■ Exercise objective
Only the text of the entries below should appear in your exact transcription; leave out every picture.

■ Data for this task
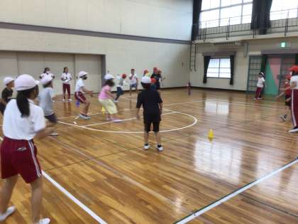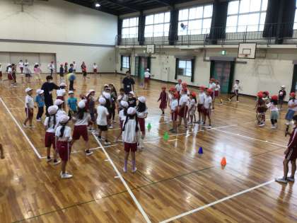 外遊びの代わりに、1年生・3年生・5年生が体育館でドッジボールをしました。
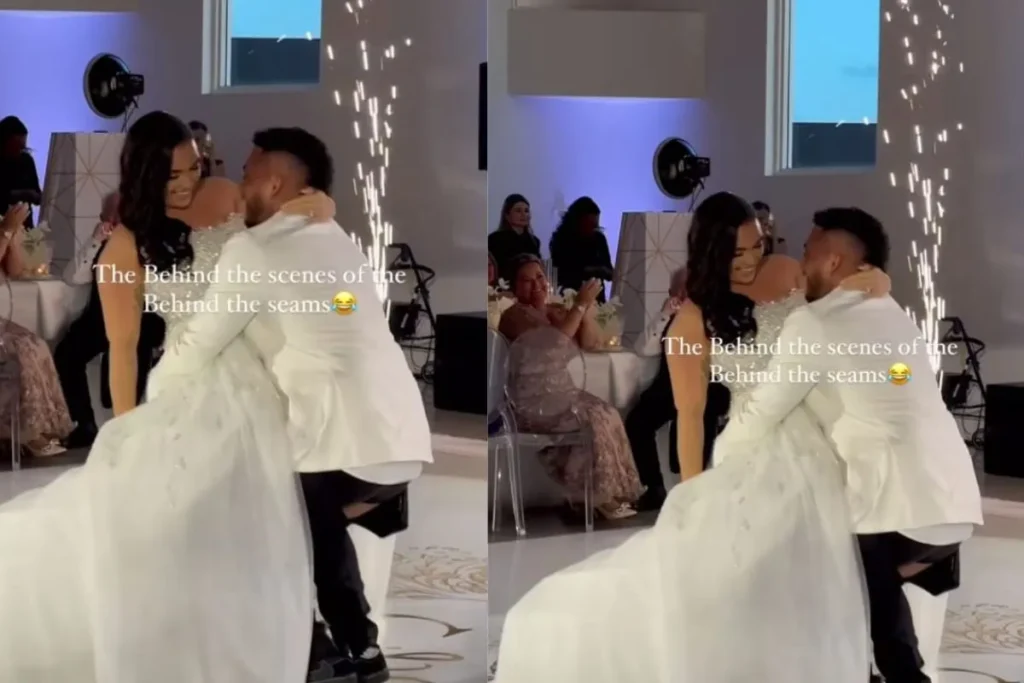 इस घटना के वीडियो को GorAdd नाम के एक्स अकाउंट से शेयर किया गया है। इस वीडियो में देखा जा सकता है कि, सफेद गाउन पहनी दुल्हन के साथ दूल्हा डांस कर रहा है। वो जैसे ही अपनी नई नवेली दुल्हन को गोद में उठाता है। तभी उसकी पैंट पीछे से फट जाती है। दूल्हे को भी अपनी फटी पैंट का एहसास हो जाता है। उसे समझ नहीं आ रहा है कि, वो क्या है। इस दौरान लड़की अपने पति की इज्जत बचाने की कोशिश कर रही है। लेकिन तब तक ये पूरी घटना कैमरे में कैद हो गई और अब इंटरनेट पर काफी तेजी से फैल रही है।
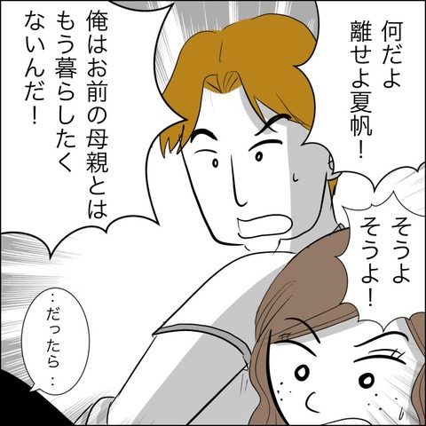 義母に対する不満が家に帰らない本当の理由かどうかはさておき、ヘラ子から信二を切り離すために夏帆はアパートを借りて子どもと3人で暮らそうと提案します。
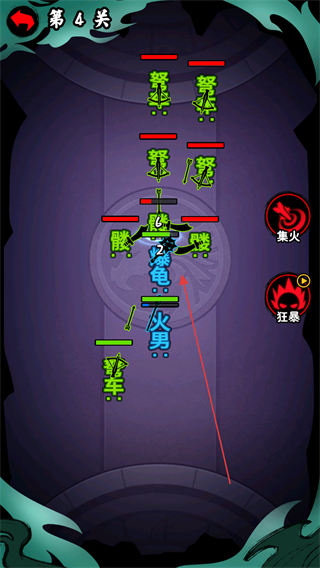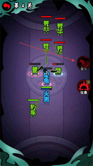 2、戰(zhàn)斗中操控己方角色爆龜、火勇等攻擊敵方單位,利用“集火”技能集中火力打擊單個敵人,快速削減其血量。
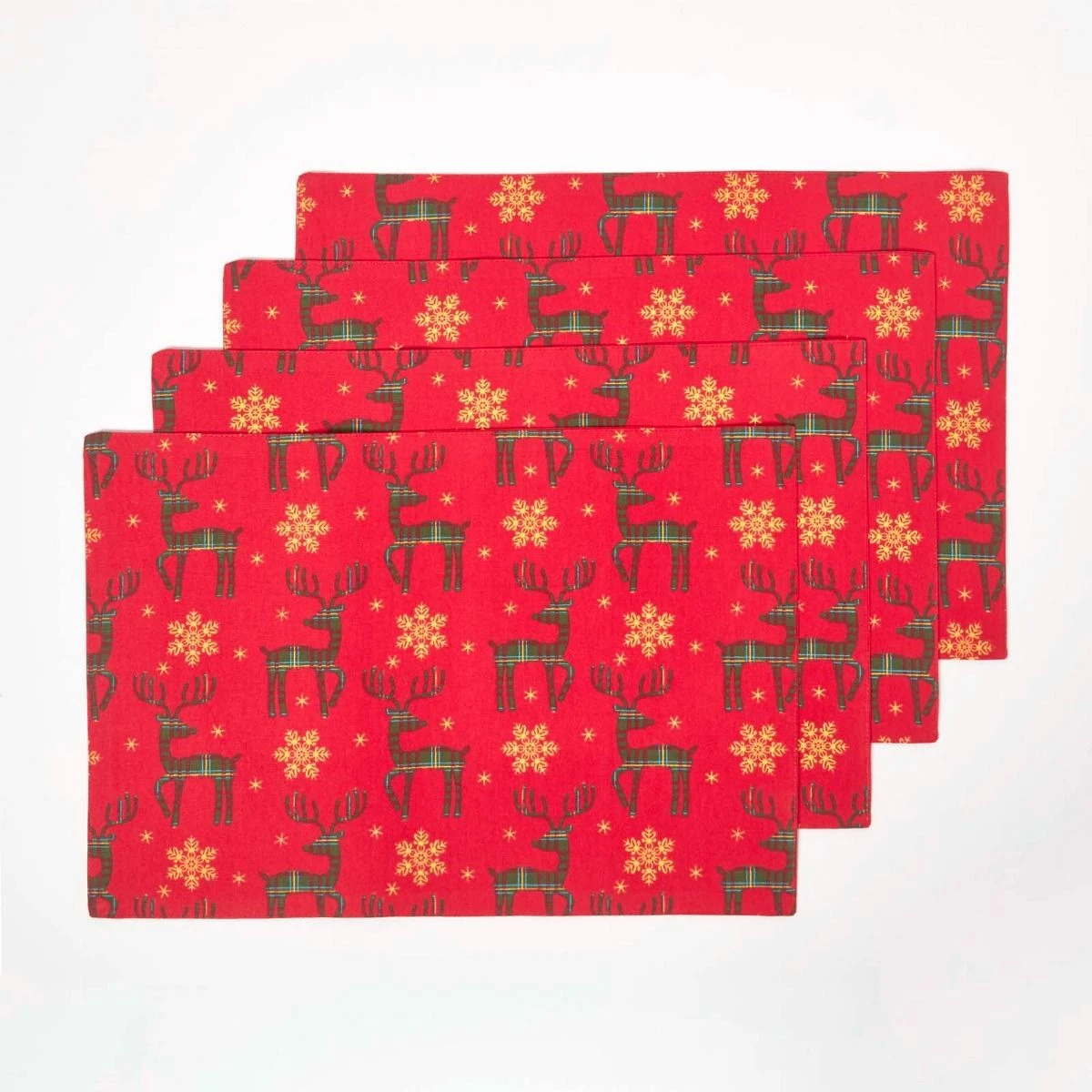 Die perfekte weihnachtliche Farbkombination: Die Platzdeckchen im traditionellen Stil zeigen Rentiere in grünem Schottenkaro, umgeben von goldenen Schneeflocken vor einem weihnachtlichen roten Hintergrund. Sie sind Teil der exklusiven roten Rentier Kollektion von Homescapes, zu der auch passende Servietten, Tischdecken und Küchenaccessoires erhältlich sind. Die Tischsets können bei 40 Grad in der Maschine gewaschen und auf der Rückseite gebügelt werden.

■ Solved problem
 外遊びの代わりに、1年生・3年生・5年生が体育館でドッジボールをしました。
 इस घटना के वीडियो को GorAdd नाम के एक्स अकाउंट से शेयर किया गया है। इस वीडियो में देखा जा सकता है कि, सफेद गाउन पहनी दुल्हन के साथ दूल्हा डांस कर रहा है। वो जैसे ही अपनी नई नवेली दुल्हन को गोद में उठाता है। तभी उसकी पैंट पीछे से फट जाती है। दूल्हे को भी अपनी फटी पैंट का एहसास हो जाता है। उसे समझ नहीं आ रहा है कि, वो क्या है। इस दौरान लड़की अपने पति की इज्जत बचाने की कोशिश कर रही है। लेकिन तब तक ये पूरी घटना कैमरे में कैद हो गई और अब इंटरनेट पर काफी तेजी से फैल रही है।
 義母に対する不満が家に帰らない本当の理由かどうかはさておき、ヘラ子から信二を切り離すために夏帆はアパートを借りて子どもと3人で暮らそうと提案します。
 2、戰(zhàn)斗中操控己方角色爆龜、火勇等攻擊敵方單位,利用“集火”技能集中火力打擊單個敵人,快速削減其血量。
 Die perfekte weihnachtliche Farbkombination: Die Platzdeckchen im traditionellen Stil zeigen Rentiere in grünem Schottenkaro, umgeben von goldenen Schneeflocken vor einem weihnachtlichen roten Hintergrund. Sie sind Teil der exklusiven roten Rentier Kollektion von Homescapes, zu der auch passende Servietten, Tischdecken und Küchenaccessoires erhältlich sind. Die Tischsets können bei 40 Grad in der Maschine gewaschen und auf der Rückseite gebügelt werden.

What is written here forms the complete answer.